Come and See

16 January 2017

‘Come and See.’ Such a simple phrase, and yet one of the most profound in all of scripture. This is God – the creator, the one in whom we all live move and have our being, extending to us a great and gracious invitation. Come and see…

God the creator is above and beyond creation. There is God… and there is everything else. In many ways perhaps never the twain shall meet – because it cannot meet. Our existence, our very being is so very different. CS Lewis once described the difference as the difference between the great author Shakespeare and his creation Hamlet. On such a vastly different level of existence. How can Hamlet possibly know of the existence of his creator? Let alone understand or come to terms with him?

Of course, we can’t extend that analogy too far but the point is made; the gulf between creator and created is vast, insurmountable. It can never be bridged. Or can it? Because that’s what God did. God wrote God’s self into our play, our drama. God did this by becoming human. God made that bridge between two completely different ways of being. God became man. And in doing so, God walked and talked, laughed, wept and suffered alongside us.

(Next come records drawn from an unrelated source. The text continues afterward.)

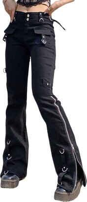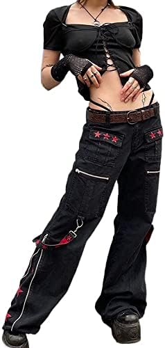 Women Y2k Wide Leg Jeans Gothic Baggy Denim Pants High Waist Punk Loose Straight Pants E Girl Hip Hop Streetwear Product description 1. Pants can perfectly fit your unique body shape, allowing you to move comfortably throughout the day. 2. The elastic com Materiale: Poliestere, Colore: Nero, Taglia: S/M/L Abbinamento: pantaloni gotici da donna, i jeans da donna a vita alta sono perfetti da abbinare a crop top, canottiere, corsetti, camisole, camicie, felpe con cappuccio e magliette. Jeans Larghi Donna MAEHARRT Women Y2K High Waisted Jeans Gothic Baggy Gothic Cargo Jeans Wide Straight Leg Punk Denim Pants Loose Trousers Streetwear Baggy Jeans Donna Per ragazze d'avanguardia, goth, punk, dark grunge, emo, y2k, stile hip hop, moda harajuku, moda kpop, moda unica Caratteristiche: pantaloni gotici, pantaloni neri con abbellimento rosso, con metallo alla moda, tessuto ampio e traspirante, possono muoversi liberamente, jeans Y2k, con spalline sulla parte superiore e inferiore dei pantaloni, pannelli a vento dal design distintivo, consumano il tuo colore del vento personale.
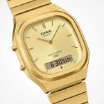 El AQ-240 analógico-digital con doble pantalla se vuelve retro-moderno. Con una esfera ligeramente rectangular compensada por una caja suavemente redondeada y suaves curvas metálicas, este reloj destila sofisticación.
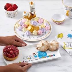 “Whip up some tasty dishes with Disney’s Beauty and the Beast-inspired collection featuring some of your favorite characters including, Belle, Chip, Lumiere and Cogsworth. It’ll be the perfect dinner party with themed apparel, measuring cups and more!”
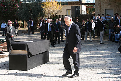 הנשיא פרס ליד ארונה של רעייתו סוניה (צילום: גיל יוחנן)
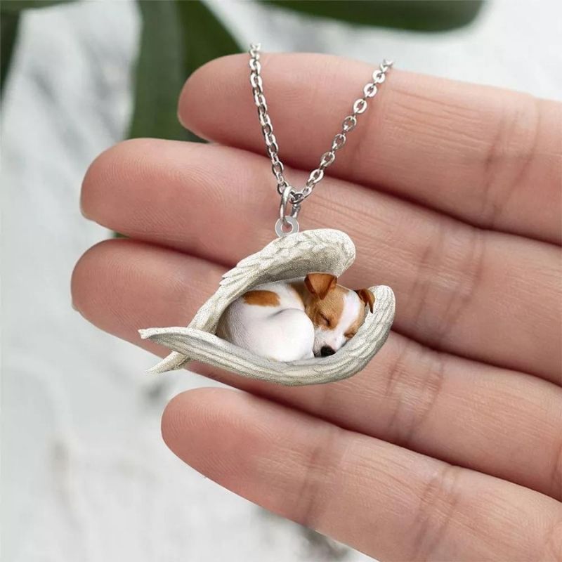 Jack Russell Terrier Sleeping Angel Stainless Steel Necklace SN003

Two human beings, two disciples of John the Baptist, become suddenly aware of this sameness-but-difference that is somehow embodied in Jesus of Nazareth (John 1.35-39). Thus, they are drawn away from the human ministry of John the Baptist and drawn towards the divine that they sense in Jesus.

And Jesus turns and sees them following and asks them: ‘What are you looking for?’ Just as he says to us today on our own human journeys, in our own earthly wanderings: ‘What are you looking for?’

What are we looking for? Something beyond the here and now; that difference which we sense is certainly there. It is somewhere beyond what we can see and touch and hear and taste and feel.

What are you looking for? Jesus asks. And the disciples reply: Rabbi, Teacher. In other words: teach us. Teach those things which the world cannot fully comprehend, fully understand, fully grasp. And Jesus, fully man but also fully God, replies: “Come and see.” Welcome. Join me. Let me show you. And they come. And they stay with him. And in doing so, they see.  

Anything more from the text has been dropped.